-- Input --
▽

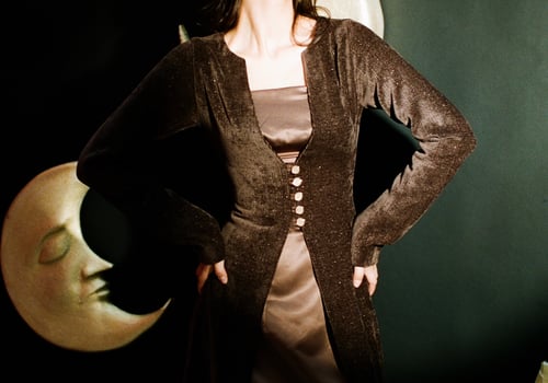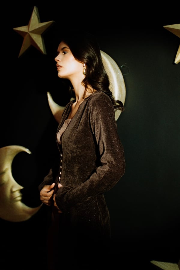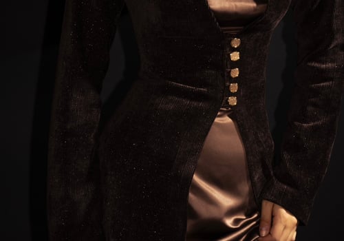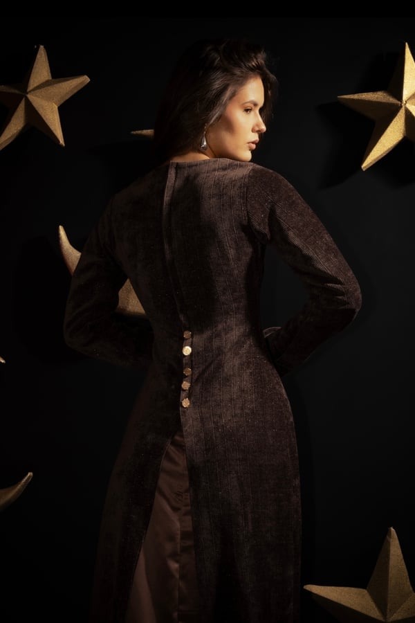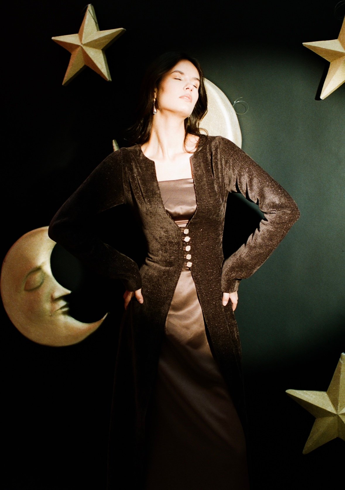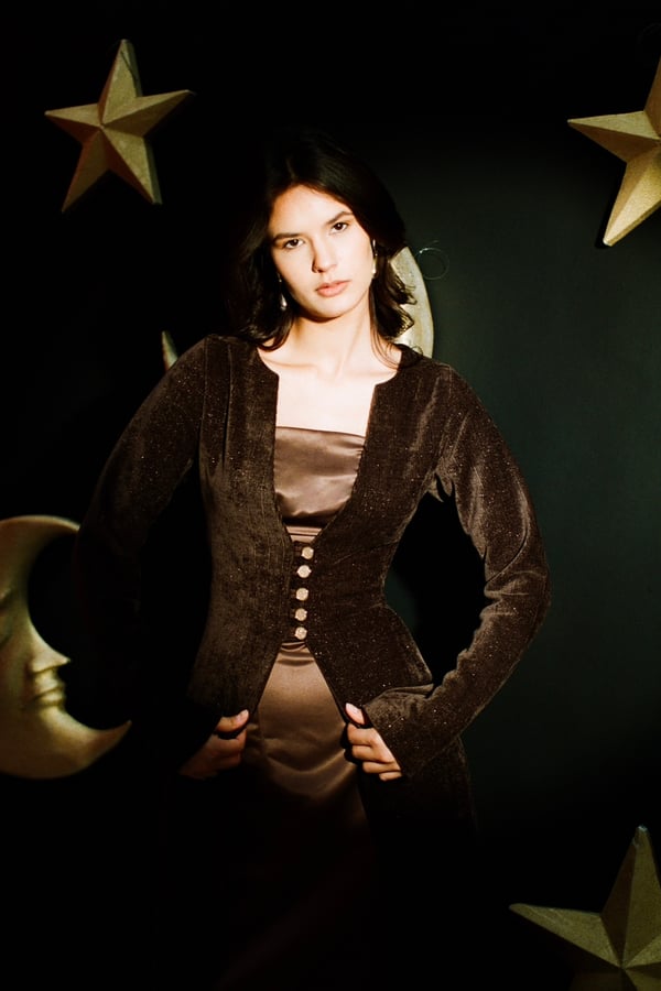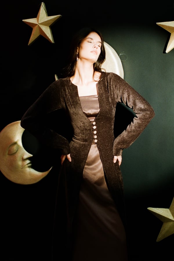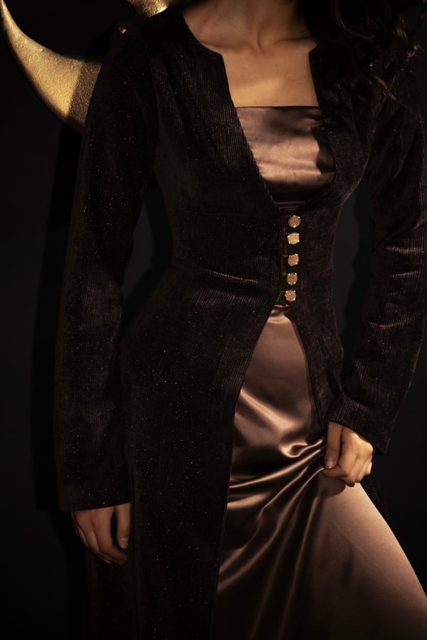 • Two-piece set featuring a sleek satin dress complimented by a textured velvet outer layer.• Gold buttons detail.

△
▽

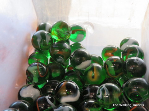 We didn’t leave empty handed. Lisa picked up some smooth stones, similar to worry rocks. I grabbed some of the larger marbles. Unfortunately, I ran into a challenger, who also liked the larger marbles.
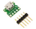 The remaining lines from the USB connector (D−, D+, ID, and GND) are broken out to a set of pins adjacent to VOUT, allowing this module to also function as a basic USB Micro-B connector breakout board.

△

-- Work required --
Take the material above from the line containing "We didn’t leave" up to and including the line containing "The remaining lines" and retype it exactly, without any pictures.

-- Written solution --
 We didn’t leave empty handed. Lisa picked up some smooth stones, similar to worry rocks. I grabbed some of the larger marbles. Unfortunately, I ran into a challenger, who also liked the larger marbles.
 The remaining lines from the USB connector (D−, D+, ID, and GND) are broken out to a set of pins adjacent to VOUT, allowing this module to also function as a basic USB Micro-B connector breakout board.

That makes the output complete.